● REQUIRED ACTION
In the material below, find the line containing "Рис. 1. Об'єкти споживчого кредитування" and the line containing "Не менш важливою", then reproduce exactly both of them and every line between, and nothing else.
[Opening THE DATA section]
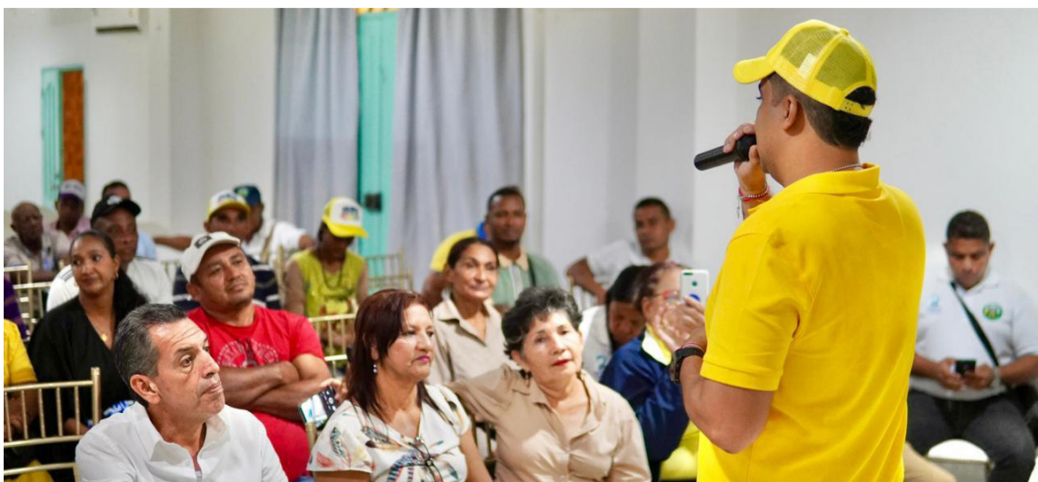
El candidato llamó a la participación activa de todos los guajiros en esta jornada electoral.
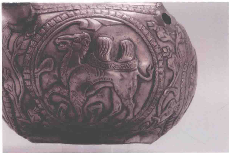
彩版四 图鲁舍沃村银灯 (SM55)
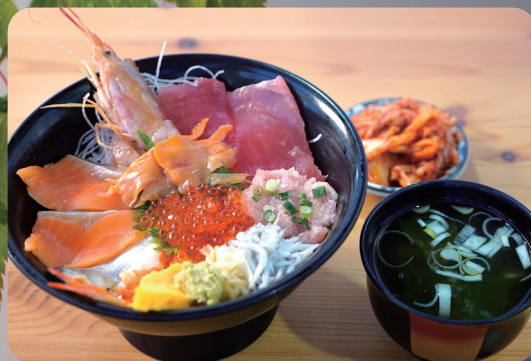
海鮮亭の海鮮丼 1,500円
[Closing THE DATA section]
[Opening THE DATA section]
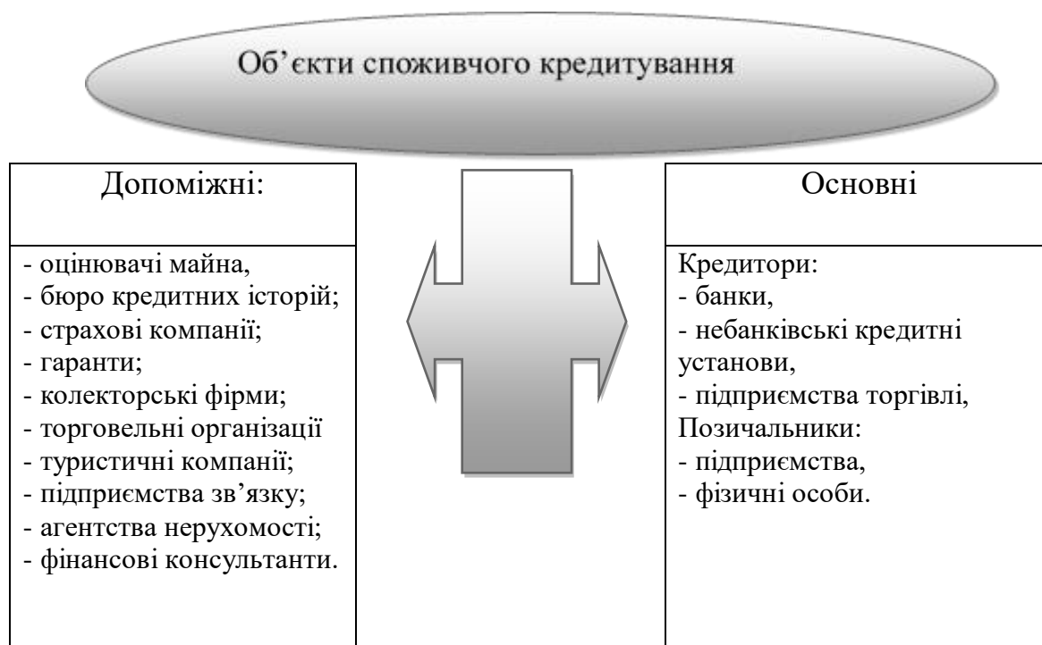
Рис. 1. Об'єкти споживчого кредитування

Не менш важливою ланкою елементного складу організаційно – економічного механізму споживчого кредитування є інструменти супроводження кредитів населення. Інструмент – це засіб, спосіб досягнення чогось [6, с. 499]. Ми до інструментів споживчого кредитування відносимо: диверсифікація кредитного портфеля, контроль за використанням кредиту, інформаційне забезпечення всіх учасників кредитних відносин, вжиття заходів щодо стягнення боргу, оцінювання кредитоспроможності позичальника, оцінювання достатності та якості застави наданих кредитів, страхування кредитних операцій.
[Closing THE DATA section]
● RESPONSE TO THE TASK
Рис. 1. Об'єкти споживчого кредитування

Не менш важливою ланкою елементного складу організаційно – економічного механізму споживчого кредитування є інструменти супроводження кредитів населення. Інструмент – це засіб, спосіб досягнення чогось [6, с. 499]. Ми до інструментів споживчого кредитування відносимо: диверсифікація кредитного портфеля, контроль за використанням кредиту, інформаційне забезпечення всіх учасників кредитних відносин, вжиття заходів щодо стягнення боргу, оцінювання кредитоспроможності позичальника, оцінювання достатності та якості застави наданих кредитів, страхування кредитних операцій.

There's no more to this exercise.